**What is expected:** The whole listing should be retyped word for word, apart from the pictures it holds.

-------- Supplied records --------

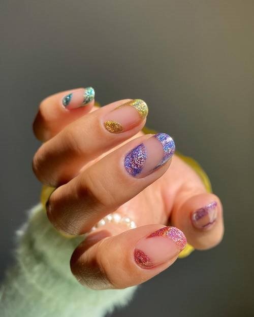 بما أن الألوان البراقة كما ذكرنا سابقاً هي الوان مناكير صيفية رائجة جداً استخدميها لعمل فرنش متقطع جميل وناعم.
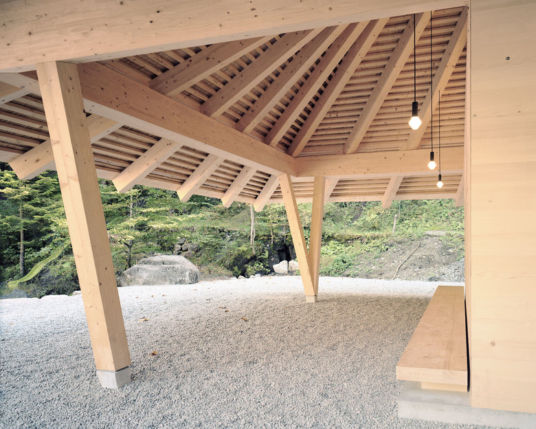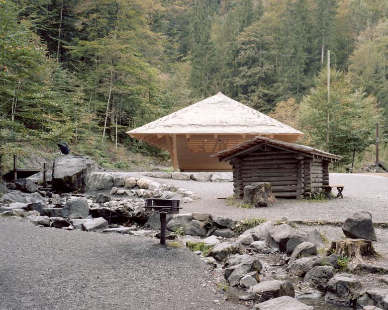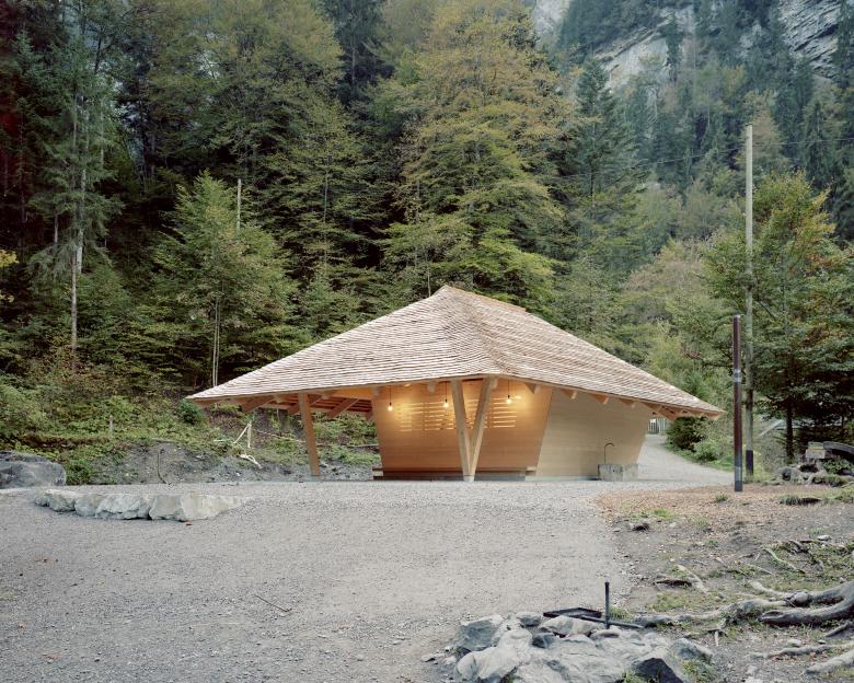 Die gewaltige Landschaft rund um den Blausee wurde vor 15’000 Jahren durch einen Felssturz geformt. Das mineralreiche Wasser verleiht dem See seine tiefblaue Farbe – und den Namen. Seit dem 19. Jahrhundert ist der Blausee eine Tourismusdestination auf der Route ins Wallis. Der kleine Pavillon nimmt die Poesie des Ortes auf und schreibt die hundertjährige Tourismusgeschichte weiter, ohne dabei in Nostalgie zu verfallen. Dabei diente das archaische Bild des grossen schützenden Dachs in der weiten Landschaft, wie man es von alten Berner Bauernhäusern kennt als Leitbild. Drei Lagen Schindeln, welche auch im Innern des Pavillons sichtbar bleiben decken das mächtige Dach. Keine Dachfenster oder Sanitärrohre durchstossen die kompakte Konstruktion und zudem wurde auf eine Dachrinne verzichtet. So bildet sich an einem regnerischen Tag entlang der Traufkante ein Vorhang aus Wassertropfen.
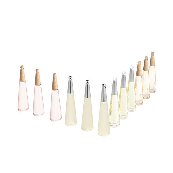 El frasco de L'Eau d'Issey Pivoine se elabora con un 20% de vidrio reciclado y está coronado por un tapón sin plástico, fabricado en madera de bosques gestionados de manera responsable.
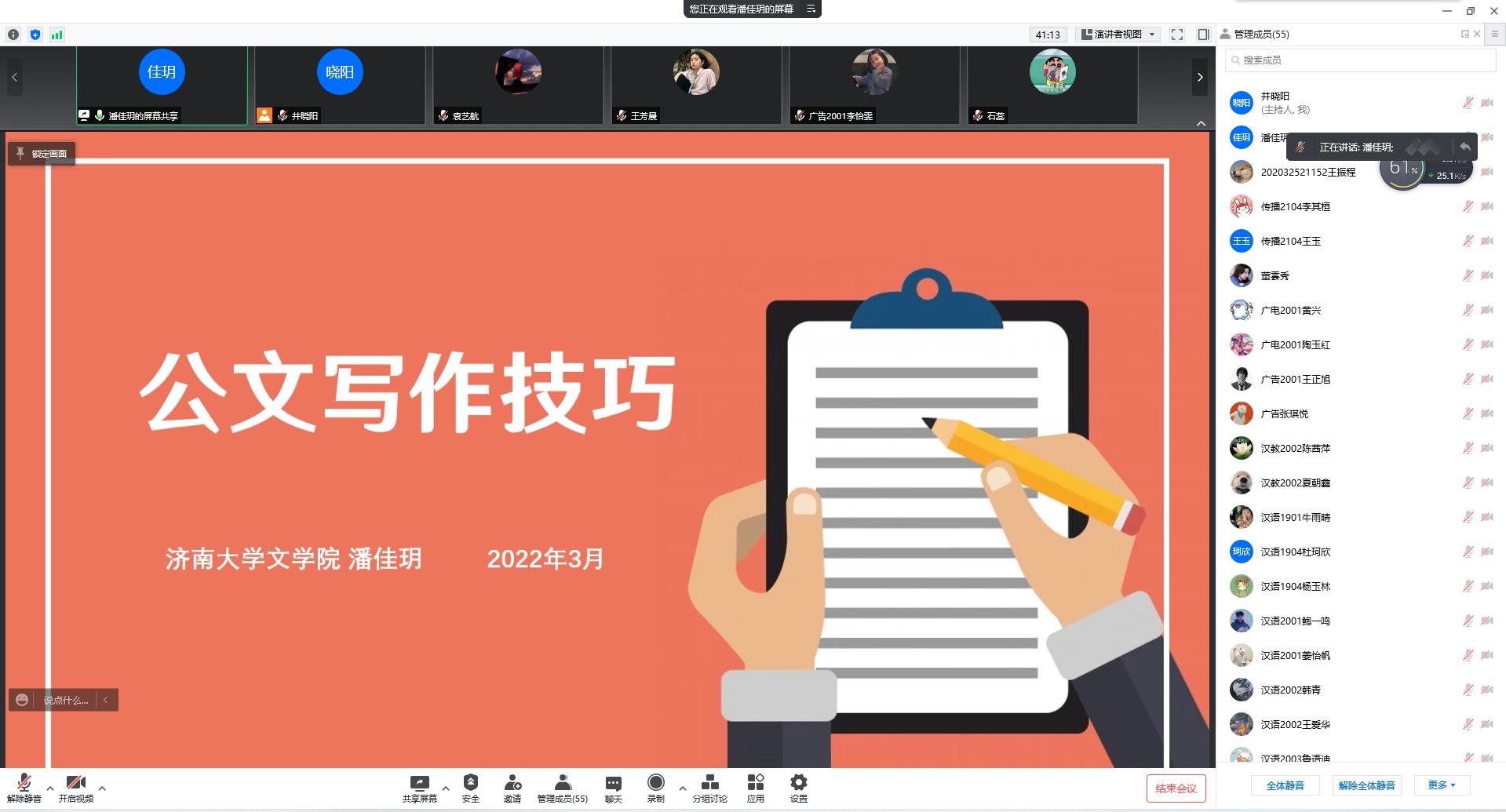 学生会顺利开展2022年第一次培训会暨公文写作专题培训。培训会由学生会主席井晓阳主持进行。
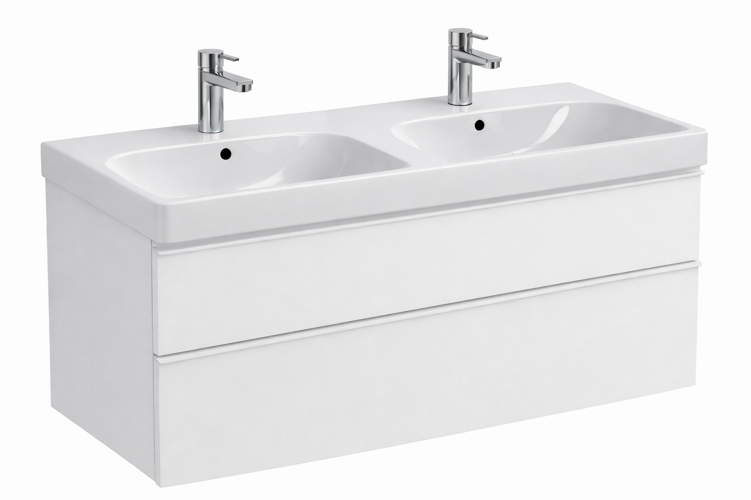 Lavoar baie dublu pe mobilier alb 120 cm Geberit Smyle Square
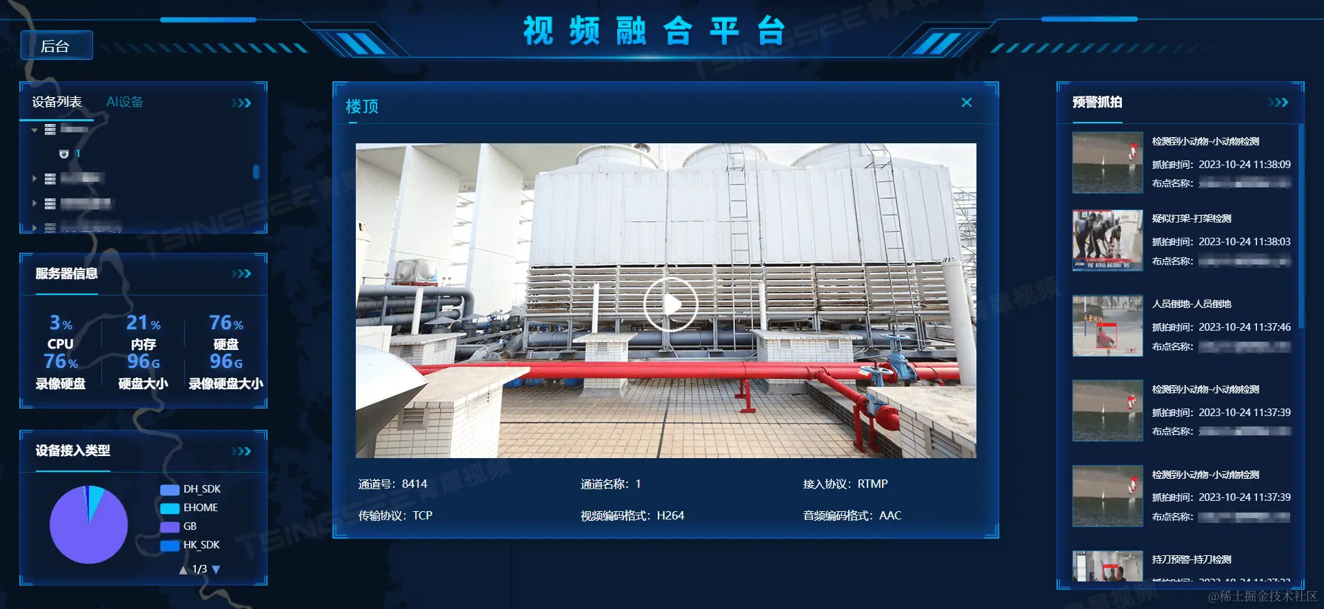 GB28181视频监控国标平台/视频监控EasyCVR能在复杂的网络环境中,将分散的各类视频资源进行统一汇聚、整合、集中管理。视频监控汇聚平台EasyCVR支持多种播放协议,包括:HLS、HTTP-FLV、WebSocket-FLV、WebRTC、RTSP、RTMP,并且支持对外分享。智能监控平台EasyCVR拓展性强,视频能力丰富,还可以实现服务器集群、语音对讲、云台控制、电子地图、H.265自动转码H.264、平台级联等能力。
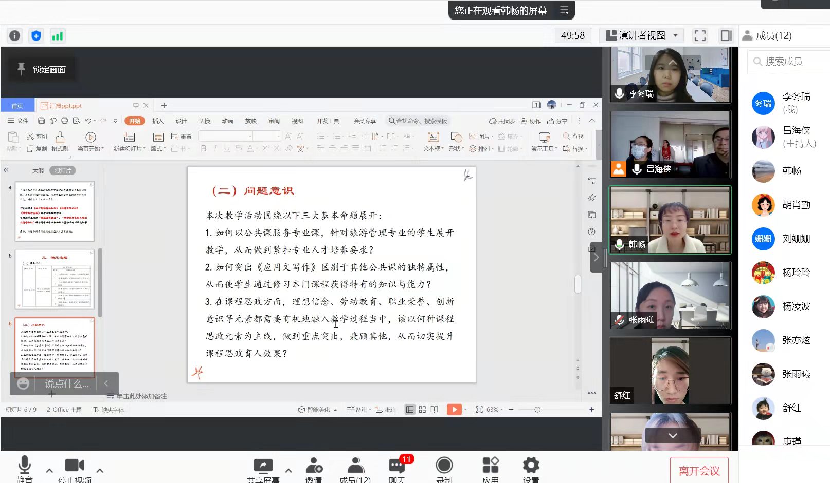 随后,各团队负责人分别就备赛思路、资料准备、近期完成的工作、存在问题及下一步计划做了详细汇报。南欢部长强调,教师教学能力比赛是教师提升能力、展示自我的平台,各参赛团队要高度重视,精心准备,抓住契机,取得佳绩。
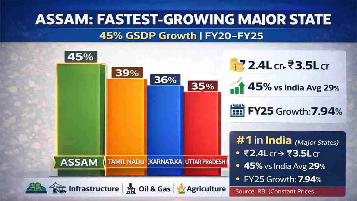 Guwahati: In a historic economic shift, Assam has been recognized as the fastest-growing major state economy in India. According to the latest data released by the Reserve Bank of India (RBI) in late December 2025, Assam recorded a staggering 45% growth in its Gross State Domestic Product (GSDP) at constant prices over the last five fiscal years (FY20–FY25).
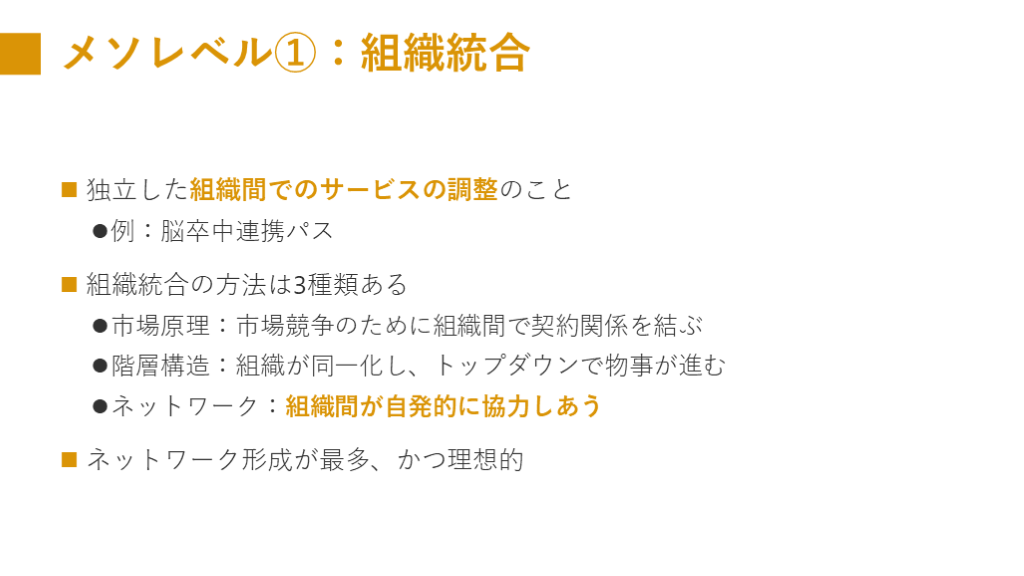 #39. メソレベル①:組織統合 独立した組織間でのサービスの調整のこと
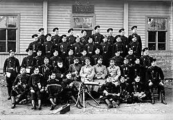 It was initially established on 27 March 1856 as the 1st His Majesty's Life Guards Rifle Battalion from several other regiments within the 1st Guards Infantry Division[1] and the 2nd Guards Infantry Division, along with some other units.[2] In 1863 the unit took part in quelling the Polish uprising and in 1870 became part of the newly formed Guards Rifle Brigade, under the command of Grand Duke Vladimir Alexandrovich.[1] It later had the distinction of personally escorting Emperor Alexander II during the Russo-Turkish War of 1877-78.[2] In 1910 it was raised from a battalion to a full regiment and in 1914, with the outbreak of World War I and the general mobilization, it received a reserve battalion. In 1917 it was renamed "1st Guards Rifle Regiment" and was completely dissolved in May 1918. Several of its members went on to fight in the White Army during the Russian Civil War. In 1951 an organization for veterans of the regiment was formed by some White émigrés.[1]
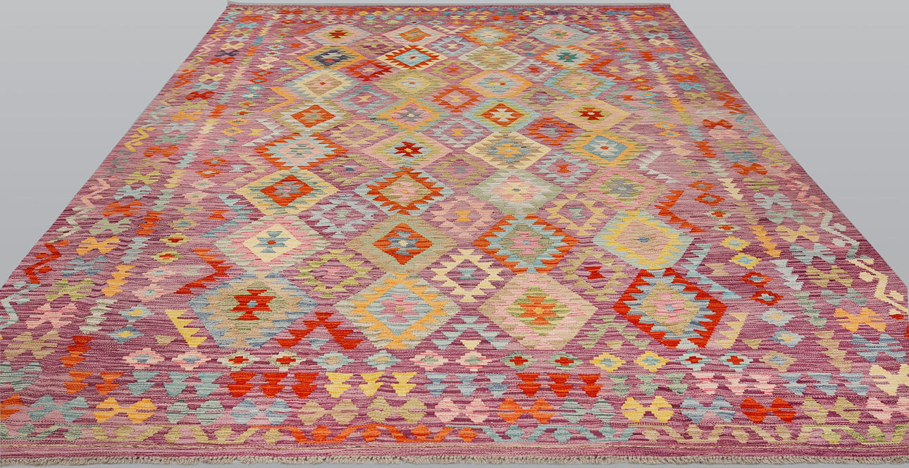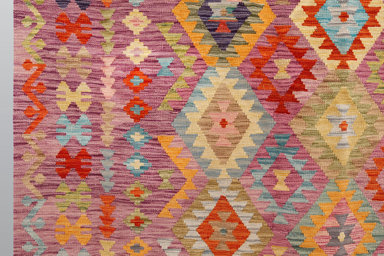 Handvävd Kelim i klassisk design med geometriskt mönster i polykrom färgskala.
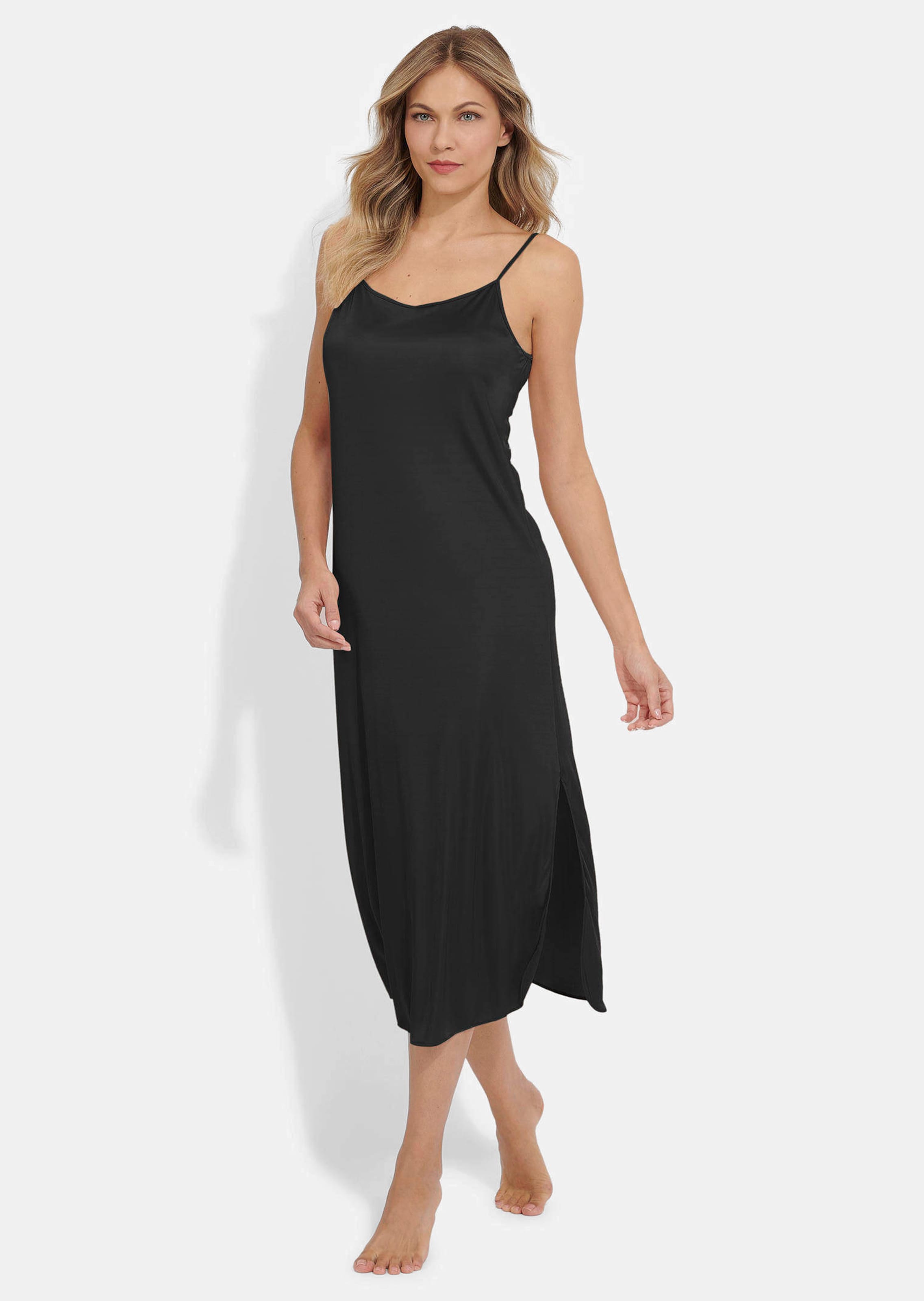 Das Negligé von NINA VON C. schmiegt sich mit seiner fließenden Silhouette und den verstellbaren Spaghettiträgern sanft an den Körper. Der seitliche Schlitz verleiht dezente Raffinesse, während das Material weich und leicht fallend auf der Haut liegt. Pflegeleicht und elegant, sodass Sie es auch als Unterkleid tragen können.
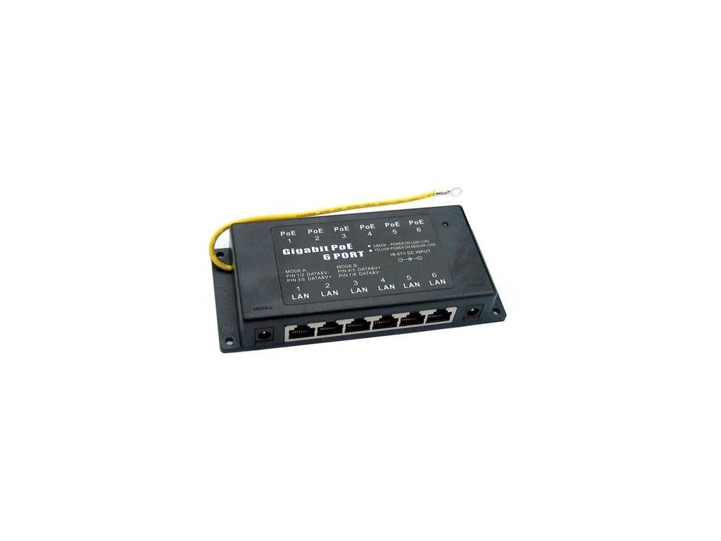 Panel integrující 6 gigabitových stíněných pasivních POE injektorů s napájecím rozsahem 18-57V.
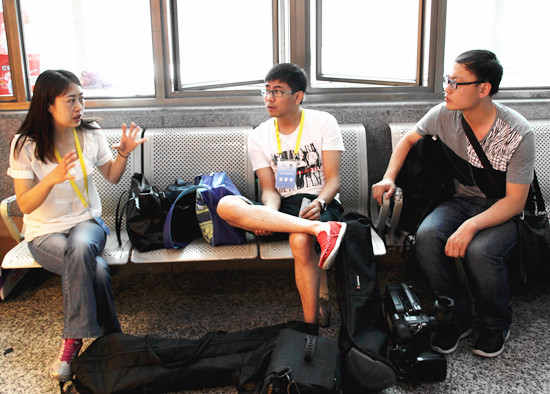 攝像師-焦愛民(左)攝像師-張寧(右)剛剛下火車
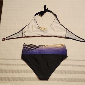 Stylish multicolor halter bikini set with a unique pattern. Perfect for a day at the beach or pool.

--------

**Response to this exercise:**
 بما أن الألوان البراقة كما ذكرنا سابقاً هي الوان مناكير صيفية رائجة جداً استخدميها لعمل فرنش متقطع جميل وناعم.
 Die gewaltige Landschaft rund um den Blausee wurde vor 15’000 Jahren durch einen Felssturz geformt. Das mineralreiche Wasser verleiht dem See seine tiefblaue Farbe – und den Namen. Seit dem 19. Jahrhundert ist der Blausee eine Tourismusdestination auf der Route ins Wallis. Der kleine Pavillon nimmt die Poesie des Ortes auf und schreibt die hundertjährige Tourismusgeschichte weiter, ohne dabei in Nostalgie zu verfallen. Dabei diente das archaische Bild des grossen schützenden Dachs in der weiten Landschaft, wie man es von alten Berner Bauernhäusern kennt als Leitbild. Drei Lagen Schindeln, welche auch im Innern des Pavillons sichtbar bleiben decken das mächtige Dach. Keine Dachfenster oder Sanitärrohre durchstossen die kompakte Konstruktion und zudem wurde auf eine Dachrinne verzichtet. So bildet sich an einem regnerischen Tag entlang der Traufkante ein Vorhang aus Wassertropfen.
 El frasco de L'Eau d'Issey Pivoine se elabora con un 20% de vidrio reciclado y está coronado por un tapón sin plástico, fabricado en madera de bosques gestionados de manera responsable.
 学生会顺利开展2022年第一次培训会暨公文写作专题培训。培训会由学生会主席井晓阳主持进行。
 Lavoar baie dublu pe mobilier alb 120 cm Geberit Smyle Square
 GB28181视频监控国标平台/视频监控EasyCVR能在复杂的网络环境中,将分散的各类视频资源进行统一汇聚、整合、集中管理。视频监控汇聚平台EasyCVR支持多种播放协议,包括:HLS、HTTP-FLV、WebSocket-FLV、WebRTC、RTSP、RTMP,并且支持对外分享。智能监控平台EasyCVR拓展性强,视频能力丰富,还可以实现服务器集群、语音对讲、云台控制、电子地图、H.265自动转码H.264、平台级联等能力。
 随后,各团队负责人分别就备赛思路、资料准备、近期完成的工作、存在问题及下一步计划做了详细汇报。南欢部长强调,教师教学能力比赛是教师提升能力、展示自我的平台,各参赛团队要高度重视,精心准备,抓住契机,取得佳绩。
 Guwahati: In a historic economic shift, Assam has been recognized as the fastest-growing major state economy in India. According to the latest data released by the Reserve Bank of India (RBI) in late December 2025, Assam recorded a staggering 45% growth in its Gross State Domestic Product (GSDP) at constant prices over the last five fiscal years (FY20–FY25).
 #39. メソレベル①:組織統合 独立した組織間でのサービスの調整のこと
 It was initially established on 27 March 1856 as the 1st His Majesty's Life Guards Rifle Battalion from several other regiments within the 1st Guards Infantry Division[1] and the 2nd Guards Infantry Division, along with some other units.[2] In 1863 the unit took part in quelling the Polish uprising and in 1870 became part of the newly formed Guards Rifle Brigade, under the command of Grand Duke Vladimir Alexandrovich.[1] It later had the distinction of personally escorting Emperor Alexander II during the Russo-Turkish War of 1877-78.[2] In 1910 it was raised from a battalion to a full regiment and in 1914, with the outbreak of World War I and the general mobilization, it received a reserve battalion. In 1917 it was renamed "1st Guards Rifle Regiment" and was completely dissolved in May 1918. Several of its members went on to fight in the White Army during the Russian Civil War. In 1951 an organization for veterans of the regiment was formed by some White émigrés.[1]
 Handvävd Kelim i klassisk design med geometriskt mönster i polykrom färgskala.
 Das Negligé von NINA VON C. schmiegt sich mit seiner fließenden Silhouette und den verstellbaren Spaghettiträgern sanft an den Körper. Der seitliche Schlitz verleiht dezente Raffinesse, während das Material weich und leicht fallend auf der Haut liegt. Pflegeleicht und elegant, sodass Sie es auch als Unterkleid tragen können.
 Panel integrující 6 gigabitových stíněných pasivních POE injektorů s napájecím rozsahem 18-57V.
 攝像師-焦愛民(左)攝像師-張寧(右)剛剛下火車
 Stylish multicolor halter bikini set with a unique pattern. Perfect for a day at the beach or pool.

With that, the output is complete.